PROBLEM TO WORK ON: Verbatim copy, images removed: write out the entries below.
--
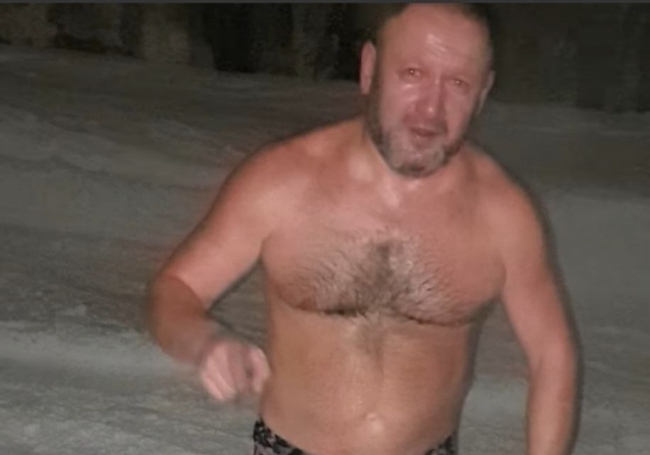 На відео видно, як лише в самих шортах чоловік стрибнув у сніговий замет.
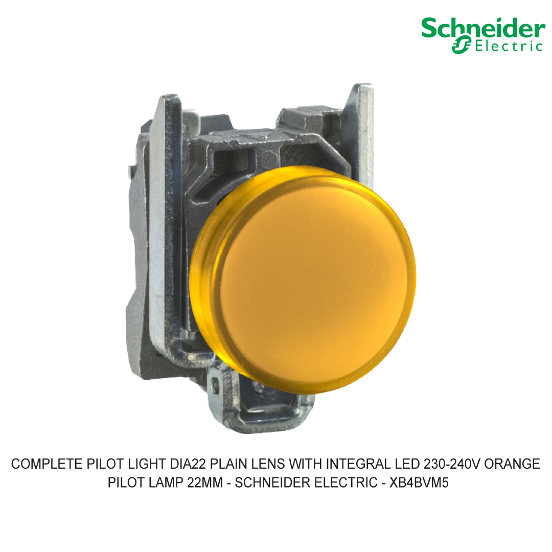 Untuk unduh datasheet produk XB4BVM5 COMPLETE PILOT LIGHT DIA22 PLAIN LENS WITH INTEGRAL LED 230-240V ORANGE, silakan klik di sini! Untuk unduh datasheet produk Pilot Lamp, silakan klik di sini! Pilot Lamp Schneider Electric Pilot lamp adalah sebuah lampu indikator yang bisa membantu dalam mengetahui ada tidaknya aliran listrik yang masuk pada bagian panel listrik. Pilot Lamp digunakan pada panel, jika terdapat aliran listrik yang masuk maka lampu pada pilot lamp akan menyala. Pilot Lamp tersedia dengan berbagai macam warna, tentunya warna digunakan sebagai tanda dan fungsi yg berbeda-beda dari pilot lamp tersebut. Fungsi Pilot Lamp :
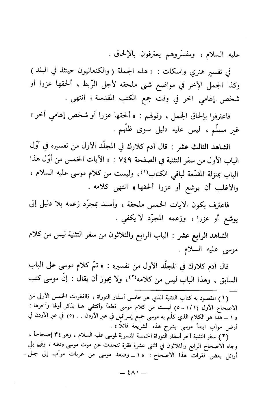 (الشاهد الثالث عشر) قال آدم كلارك في المجلد الأول من تفسيره في أول الباب الأول من سِفْر الاستثناء في الصفحة 749: "الآيات الخمس من أول هذا الباب بمنزلة المقدمة لباقي الكتاب وليست من كلام موسى عليه السلام والأغلب ان يوشع أو عزرا ألحقها" فاعترف بكون الآيات الخمسة ملحقة، وأسند بمجرد زعمه بلا دليل إلى يوشع أو عزرا وزعمه المجرد لا يكفي.
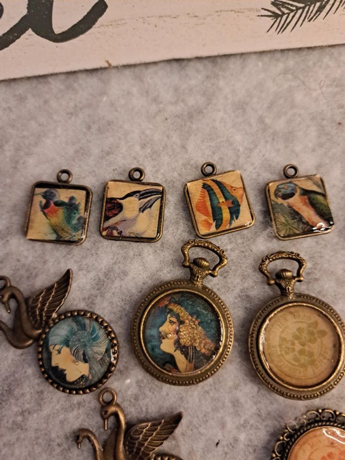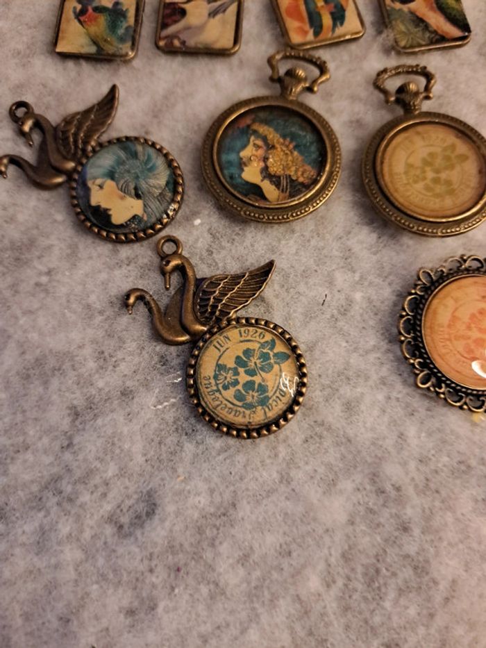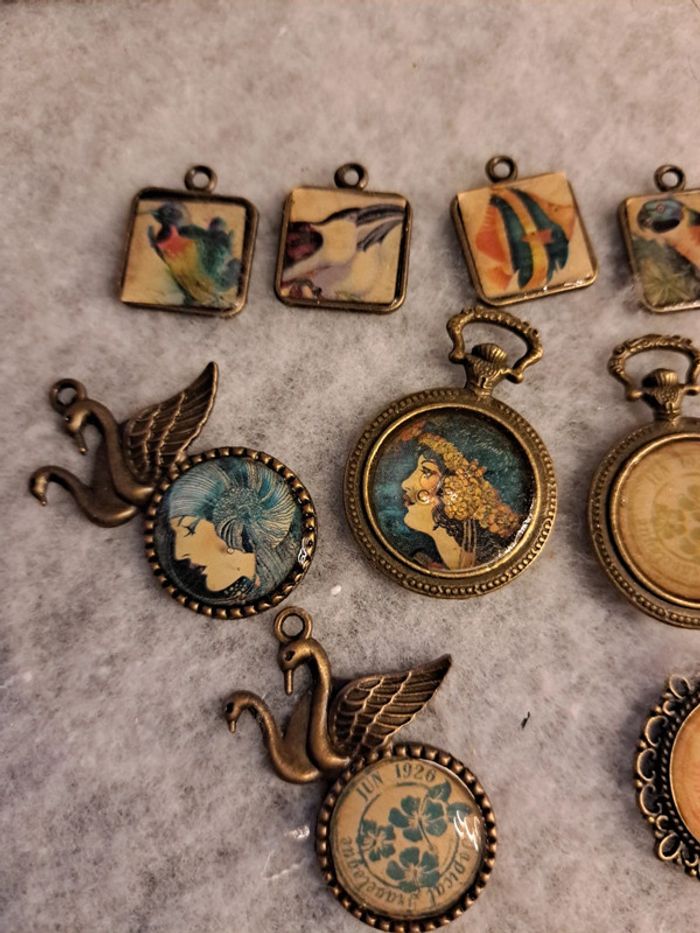 Lot de pendentifs bronze en résine multicolore - photo numéro 10
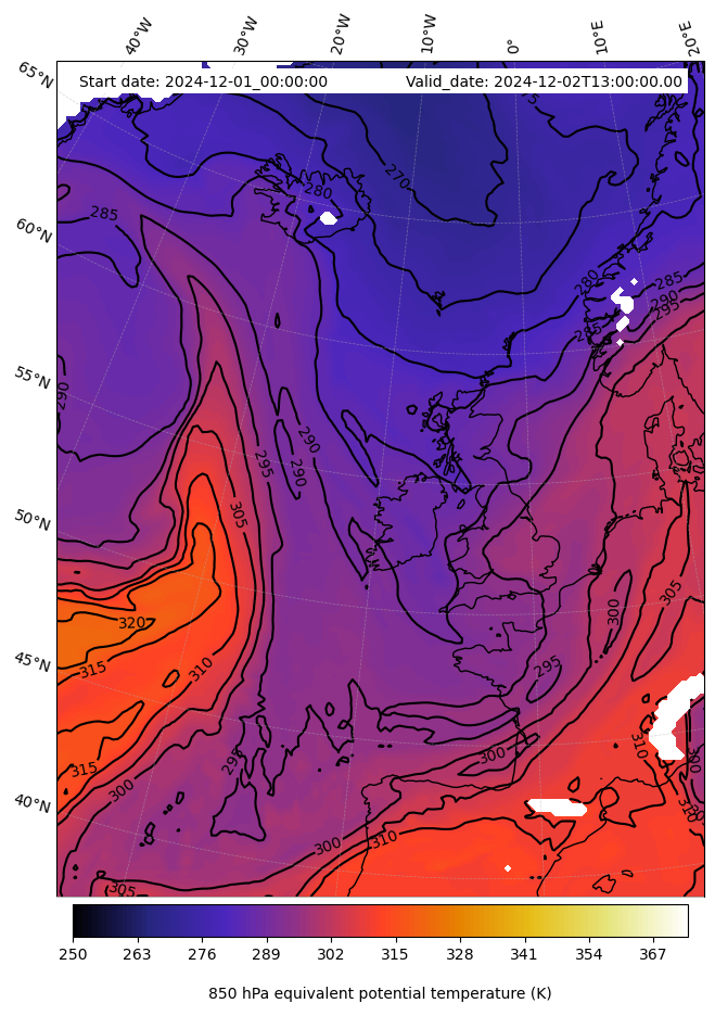 - Equivalent Potential Temperature (K)
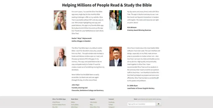 Olive Tree Bible is one of the renowned Bible translation apps that help millions of people to read the Bible quickly and feasibly. They are the electronic publisher of Bible versions that offers easy use Bible study tools and Christian eBooks. These apps are also referred to as the Android and iOS translation apps because they can run on any platform. Olive Tree Bible believes that God's love helps transform lives. So the software they offer is accessible to all platforms.
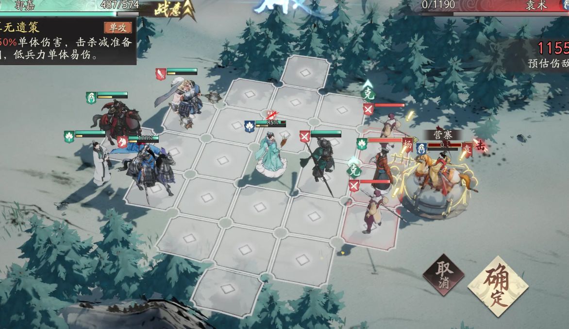 该章节的核心策略是,玩家需要率先使用骑兵占领敌方高地箭塔,随后使用自身的防御优势,直接绞灭敌方小兵,在小兵的阶段内,玩家需要尽可能的积攒战意和怒气,保证在第三回合袁术部队出现时,率领骑兵将其引至箭塔附近,随后所有角色释放怒气技能,展开一次剿灭。
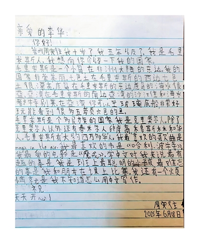 “你们愿不愿意也给中国人写一封信,向他们介绍毛里求斯呢?”我问孩子们。他们惊喜地睁大了眼睛,连连点头难掩兴奋。于是,我花了1周时间带领他们认认真真地复习所学;做好准备后,孩子们用了3节课的时间,一笔一画地把想说的话工整誊写在信纸上。看着他们久久地坐住板凳,我既为他们的刻苦努力而骄傲,又被他们渴望跨文化交流的诚挚心意深深打动。
--
TASK RESULT:
 На відео видно, як лише в самих шортах чоловік стрибнув у сніговий замет.
 Untuk unduh datasheet produk XB4BVM5 COMPLETE PILOT LIGHT DIA22 PLAIN LENS WITH INTEGRAL LED 230-240V ORANGE, silakan klik di sini! Untuk unduh datasheet produk Pilot Lamp, silakan klik di sini! Pilot Lamp Schneider Electric Pilot lamp adalah sebuah lampu indikator yang bisa membantu dalam mengetahui ada tidaknya aliran listrik yang masuk pada bagian panel listrik. Pilot Lamp digunakan pada panel, jika terdapat aliran listrik yang masuk maka lampu pada pilot lamp akan menyala. Pilot Lamp tersedia dengan berbagai macam warna, tentunya warna digunakan sebagai tanda dan fungsi yg berbeda-beda dari pilot lamp tersebut. Fungsi Pilot Lamp :
 (الشاهد الثالث عشر) قال آدم كلارك في المجلد الأول من تفسيره في أول الباب الأول من سِفْر الاستثناء في الصفحة 749: "الآيات الخمس من أول هذا الباب بمنزلة المقدمة لباقي الكتاب وليست من كلام موسى عليه السلام والأغلب ان يوشع أو عزرا ألحقها" فاعترف بكون الآيات الخمسة ملحقة، وأسند بمجرد زعمه بلا دليل إلى يوشع أو عزرا وزعمه المجرد لا يكفي.
 Lot de pendentifs bronze en résine multicolore - photo numéro 10
 - Equivalent Potential Temperature (K)
 Olive Tree Bible is one of the renowned Bible translation apps that help millions of people to read the Bible quickly and feasibly. They are the electronic publisher of Bible versions that offers easy use Bible study tools and Christian eBooks. These apps are also referred to as the Android and iOS translation apps because they can run on any platform. Olive Tree Bible believes that God's love helps transform lives. So the software they offer is accessible to all platforms.
 该章节的核心策略是,玩家需要率先使用骑兵占领敌方高地箭塔,随后使用自身的防御优势,直接绞灭敌方小兵,在小兵的阶段内,玩家需要尽可能的积攒战意和怒气,保证在第三回合袁术部队出现时,率领骑兵将其引至箭塔附近,随后所有角色释放怒气技能,展开一次剿灭。
 “你们愿不愿意也给中国人写一封信,向他们介绍毛里求斯呢?”我问孩子们。他们惊喜地睁大了眼睛,连连点头难掩兴奋。于是,我花了1周时间带领他们认认真真地复习所学;做好准备后,孩子们用了3节课的时间,一笔一画地把想说的话工整誊写在信纸上。看着他们久久地坐住板凳,我既为他们的刻苦努力而骄傲,又被他们渴望跨文化交流的诚挚心意深深打动。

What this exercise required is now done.